> [Problem to solve]
Only one stretch of the records below should be repeated. It starts with the line containing "と、ちょっと不思議な気持ちになる個性的な柄の畳縁で作ったミニポーチです。" and goes on through the line containing "This golden ring", exactly as written.
*** Records for the exercise ***
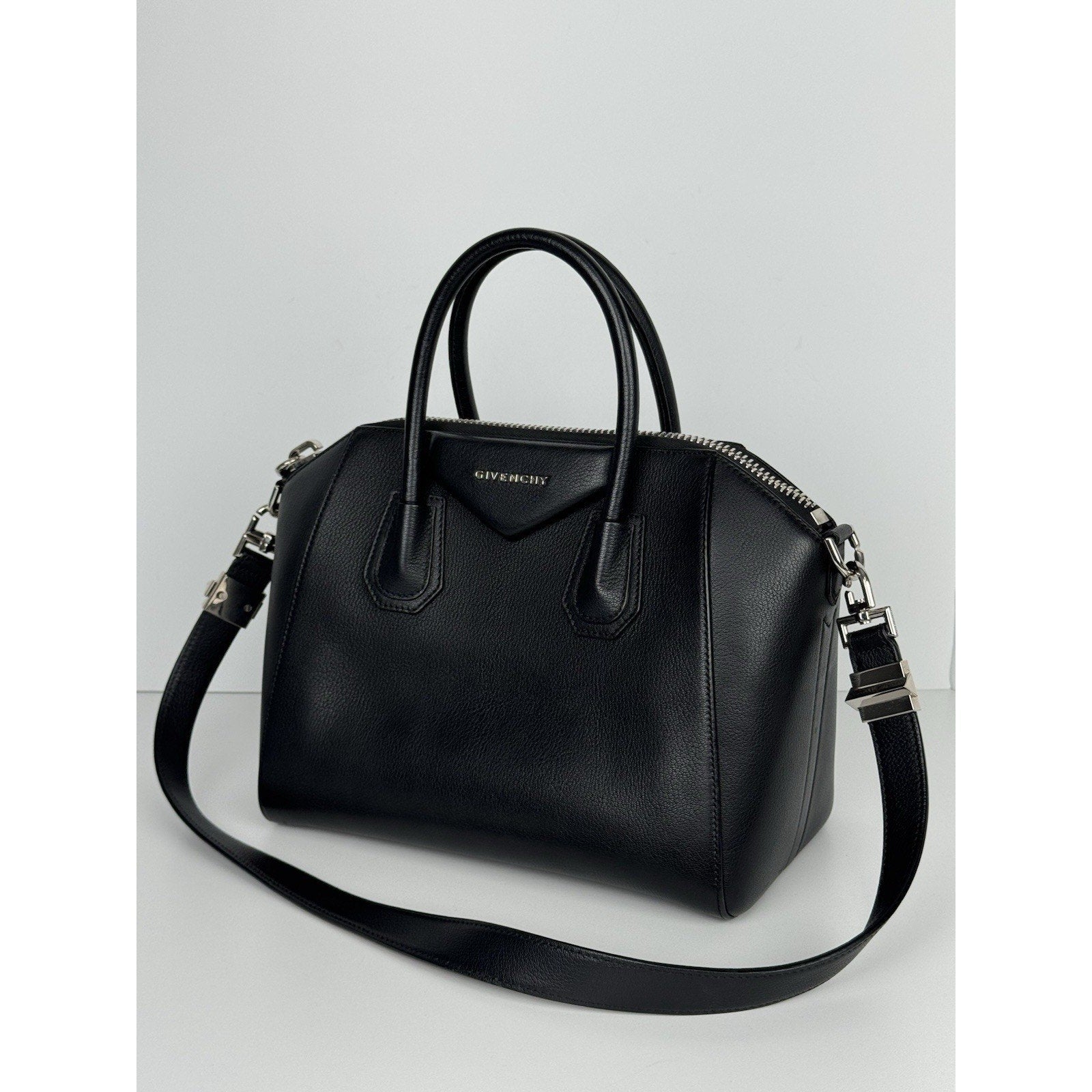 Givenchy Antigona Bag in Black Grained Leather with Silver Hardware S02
***
*** Records for the exercise ***
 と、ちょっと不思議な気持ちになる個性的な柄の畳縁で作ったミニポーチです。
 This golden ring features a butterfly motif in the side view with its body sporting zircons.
***
> [Answer area]
 と、ちょっと不思議な気持ちになる個性的な柄の畳縁で作ったミニポーチです。
 This golden ring features a butterfly motif in the side view with its body sporting zircons.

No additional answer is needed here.